Using only the entries below, copy exactly the lines that begin at the one with "La casa en San" and end at the one with "Pumps Model KJ-10B", both included. Drop the pictures.

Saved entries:
──────

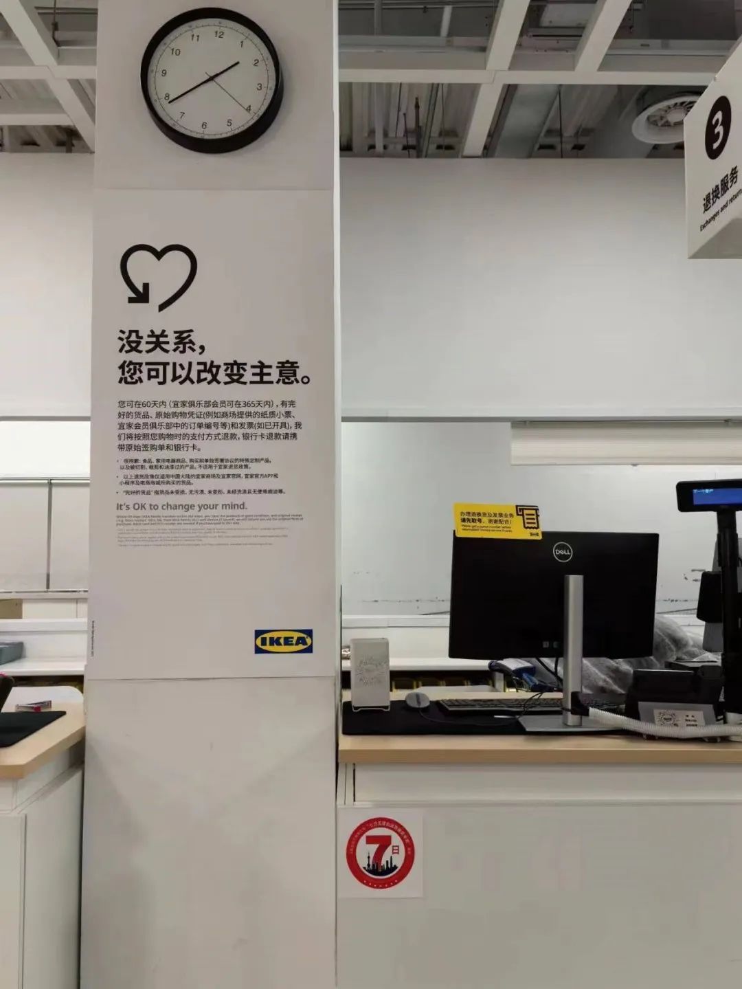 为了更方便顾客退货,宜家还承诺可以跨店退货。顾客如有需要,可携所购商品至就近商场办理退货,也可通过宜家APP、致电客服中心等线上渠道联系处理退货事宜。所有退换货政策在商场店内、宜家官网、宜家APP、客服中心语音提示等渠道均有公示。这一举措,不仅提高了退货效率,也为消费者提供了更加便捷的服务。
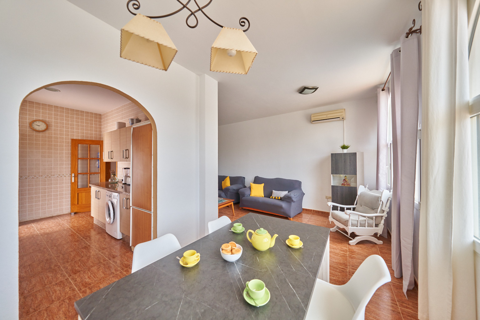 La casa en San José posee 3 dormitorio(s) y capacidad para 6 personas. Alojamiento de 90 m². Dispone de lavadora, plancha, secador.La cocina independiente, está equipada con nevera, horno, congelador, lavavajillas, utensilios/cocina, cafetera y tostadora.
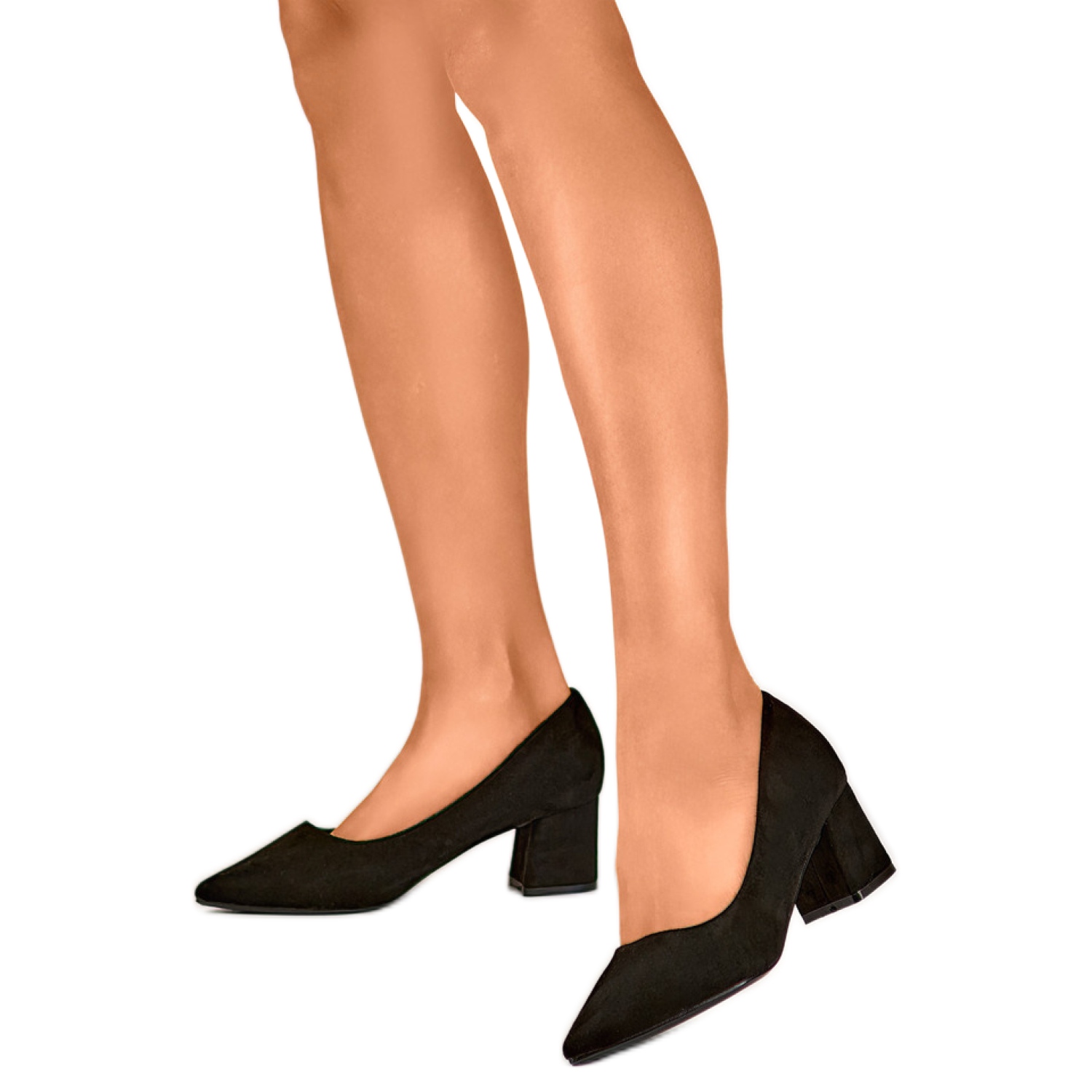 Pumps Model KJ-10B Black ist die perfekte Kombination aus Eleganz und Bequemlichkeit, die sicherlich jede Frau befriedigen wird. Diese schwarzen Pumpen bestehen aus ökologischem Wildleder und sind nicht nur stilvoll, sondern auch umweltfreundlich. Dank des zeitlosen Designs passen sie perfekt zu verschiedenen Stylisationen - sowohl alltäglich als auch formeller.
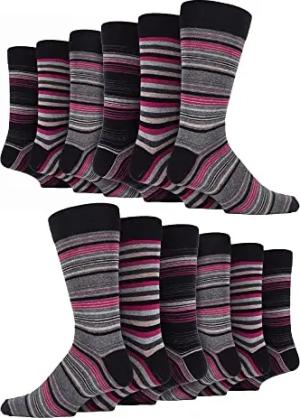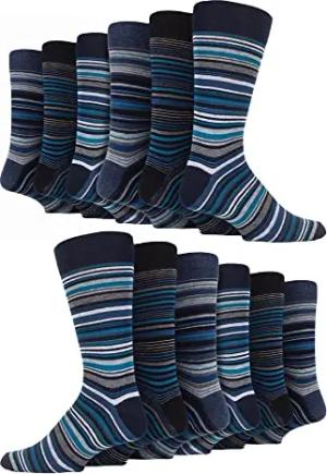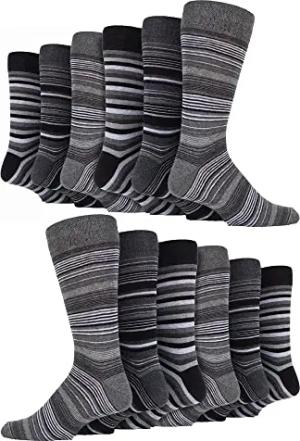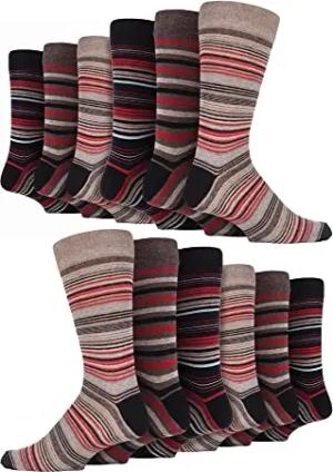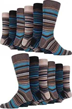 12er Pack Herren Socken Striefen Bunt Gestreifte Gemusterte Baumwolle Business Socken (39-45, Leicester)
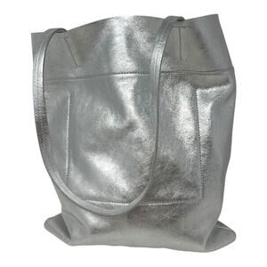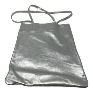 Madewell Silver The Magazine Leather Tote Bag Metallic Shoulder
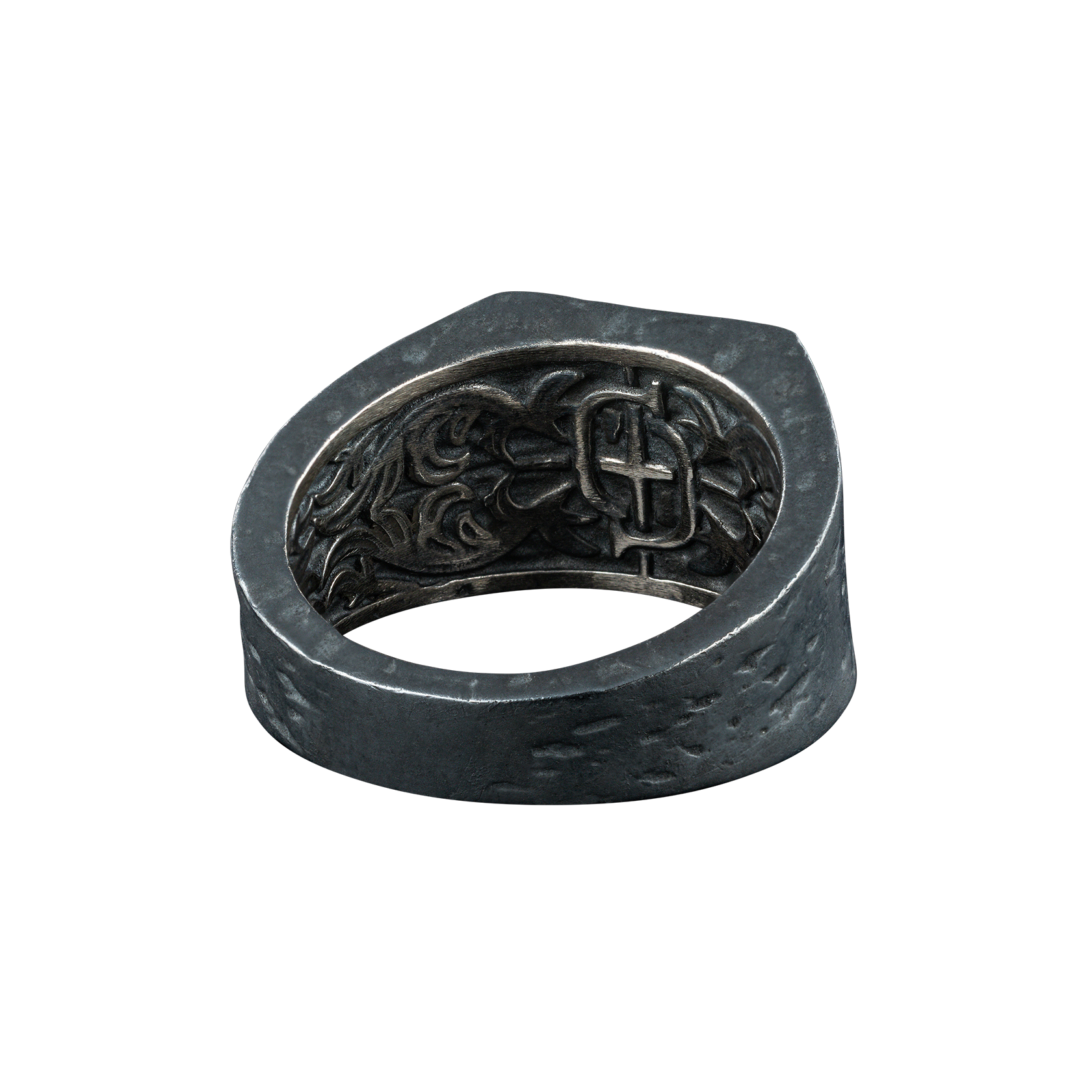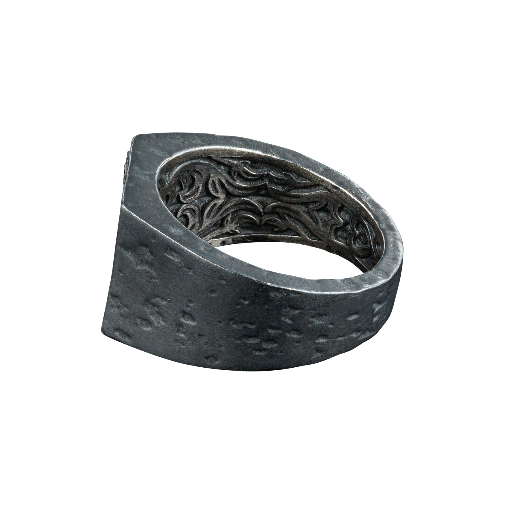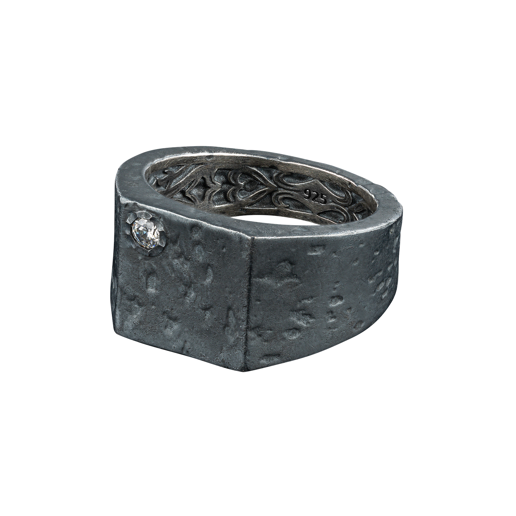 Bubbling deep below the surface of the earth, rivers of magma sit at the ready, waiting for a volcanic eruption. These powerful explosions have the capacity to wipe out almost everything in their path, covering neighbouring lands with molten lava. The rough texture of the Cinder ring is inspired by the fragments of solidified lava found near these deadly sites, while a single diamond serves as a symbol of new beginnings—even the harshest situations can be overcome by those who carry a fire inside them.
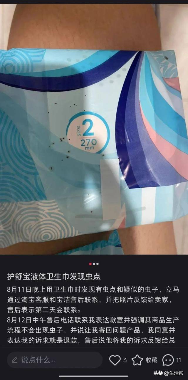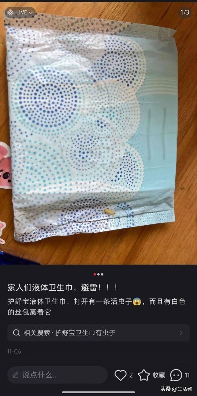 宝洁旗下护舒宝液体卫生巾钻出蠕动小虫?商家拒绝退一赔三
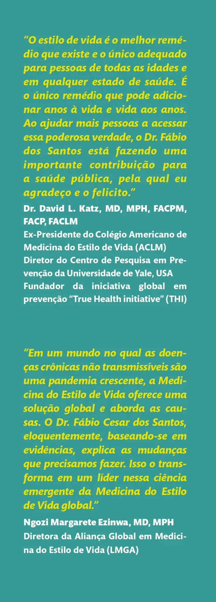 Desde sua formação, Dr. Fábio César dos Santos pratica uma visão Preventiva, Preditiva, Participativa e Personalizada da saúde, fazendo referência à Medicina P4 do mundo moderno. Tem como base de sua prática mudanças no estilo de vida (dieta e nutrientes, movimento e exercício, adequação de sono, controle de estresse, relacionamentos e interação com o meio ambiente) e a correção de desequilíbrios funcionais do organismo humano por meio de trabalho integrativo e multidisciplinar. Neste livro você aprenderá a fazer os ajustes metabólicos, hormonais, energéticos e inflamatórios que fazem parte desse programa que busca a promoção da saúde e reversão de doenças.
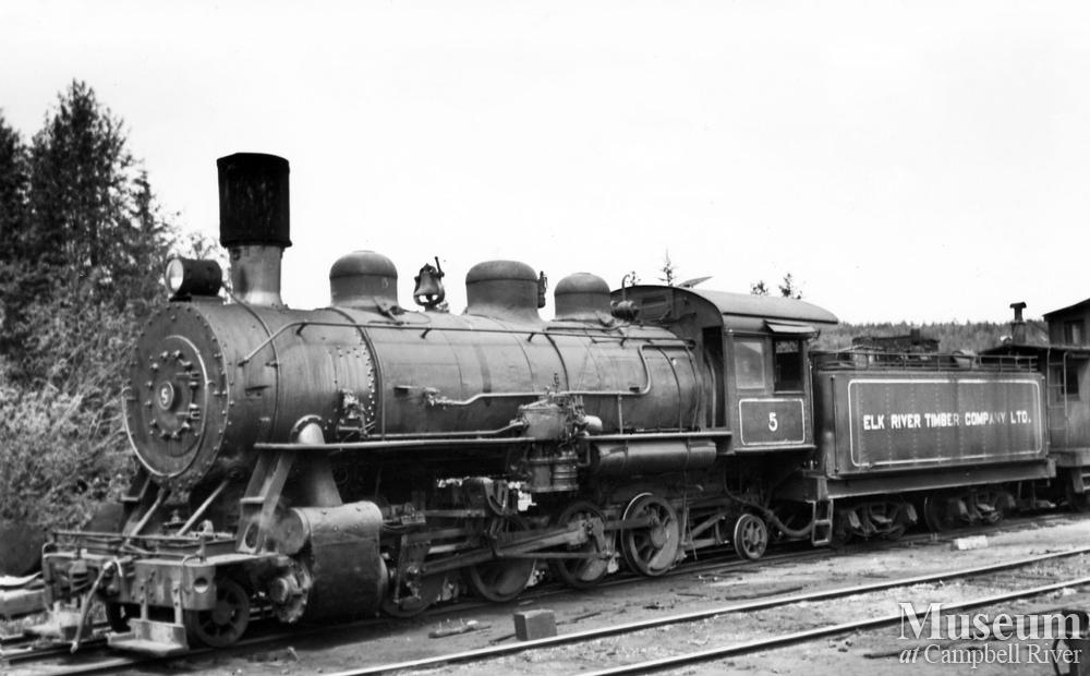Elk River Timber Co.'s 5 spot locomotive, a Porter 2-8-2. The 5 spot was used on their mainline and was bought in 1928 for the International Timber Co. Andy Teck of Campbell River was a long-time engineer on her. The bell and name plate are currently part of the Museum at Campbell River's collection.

──────

**Written answer**
 La casa en San José posee 3 dormitorio(s) y capacidad para 6 personas. Alojamiento de 90 m². Dispone de lavadora, plancha, secador.La cocina independiente, está equipada con nevera, horno, congelador, lavavajillas, utensilios/cocina, cafetera y tostadora.
 Pumps Model KJ-10B Black ist die perfekte Kombination aus Eleganz und Bequemlichkeit, die sicherlich jede Frau befriedigen wird. Diese schwarzen Pumpen bestehen aus ökologischem Wildleder und sind nicht nur stilvoll, sondern auch umweltfreundlich. Dank des zeitlosen Designs passen sie perfekt zu verschiedenen Stylisationen - sowohl alltäglich als auch formeller.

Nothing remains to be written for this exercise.